The phase velocity manifests as a general spreading of the water wave.
You'll be able to see it more clearly when there's a pulse instead of a wave-train.
http://www.acs.psu.edu/drussell/Demos/Dispersion/dispersion.html
OTOH: you do get varying amplitude waves coming at you in water.
Dispersion is where the characteristic length of a
pulse increases as it propagates.
You seem to be thinking of all waves as having a definite wavelength ... like a sine wave does.
This is incorrect.
A water wave, or any wave for that matter, is
any solution to the wave equation.
Sine waves are solutions to the wave equation, but they are not the only solutions.
General solutions to the wave equation can be expressed as linear sums of pure sine waves.
A pure sine wave has a specific wavelength and wave speed - the wave speed depends on the medium, and, in a "dispersive medium" the wave speed depends on the wavelength.
A pure sine wave is the only kind of wave which can be characterized by having a specific, single, wavelength.
The waves in your example, for instance, exhibit two clear wavelengths and would be typically composed of around 100 individual sine waves.
The wavelength of a pure sine wave does not change as it propagates.
A general wave cannot be characterized by having a single wavelength - but it can be characterized by the mixture of pure sine waves that make up it's overall shape.
Since these sine waves will each travel at a different speed, the overall shape of the wave will change st it propagates. The overall shape of a general wave is a transient.
The dispersion relations tell you how the shape changes.
The examples, like the ones you've seen in animations, are for simple situations where the math is not too hard and it is easier to see specific effects.
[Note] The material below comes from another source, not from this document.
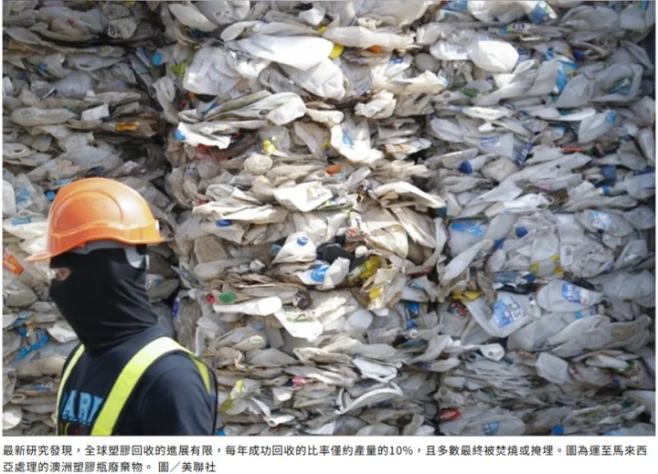1.全球塑膠產量達3.87億噸!回收率卻僅1成 多數仍被焚燒或掩埋
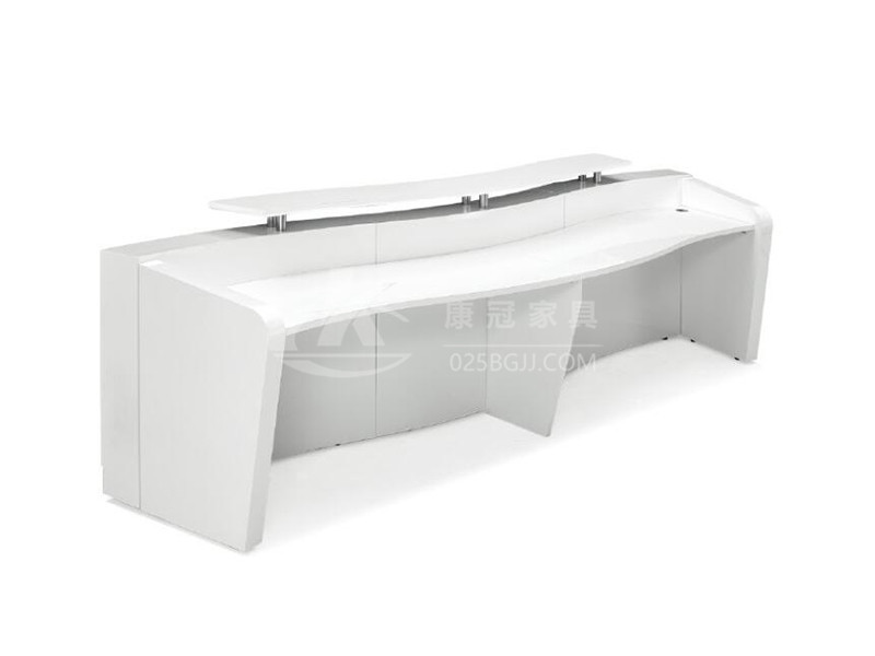除了接待服務(wù)外,還擔(dān)負(fù)著很多附屬功能,如企業(yè)形象、服務(wù)態(tài)度都將作為第一反應(yīng)記錄在員工與客戶的記憶中。作為企業(yè)的“玄關(guān)”,在形象展示上有著無可厚非的重要性。可延伸為“指示、引導(dǎo)”之意;在為人與人之間的交流溝通架起共性的橋梁同時(shí),其真正目的是指示、引導(dǎo)人們?cè)谝?guī)劃空間內(nèi)的進(jìn)一步交流與溝通。同時(shí)在企業(yè)形象與產(chǎn)品展示功能上亦扮演著重要角色。板式前臺(tái),四邊倒角幾何,采用矩形管焊接結(jié)構(gòu),L型鋼件固定,內(nèi)置隱藏LED燈組,人性化設(shè)計(jì),外觀大氣簡(jiǎn)潔,方便接待人員與客戶之間的交流溝通。

A real life wave in Nature (take a close look at the surface of the sea sometime) tends to be very complicated and it is harder to see particular effects.
That is why you do not generally associate the shape in post #1 with water waves.
But you will see wave-trains like that in the wakes of boats - you have to look carefully.
You'll notice that the wave in your example does not change it's overall shape so much - this is because a lot of small changes cancel out to an overall impression of a wiggly shape moving. This is an emergent phenomenon - what is happening is that lots of sine waves are moving at different speeds and they interfere constructively and destructively with each other.
So - in general - dispersion is the emergent phenomenon arising from the components of waves and pulses moving at different speeds through the same media.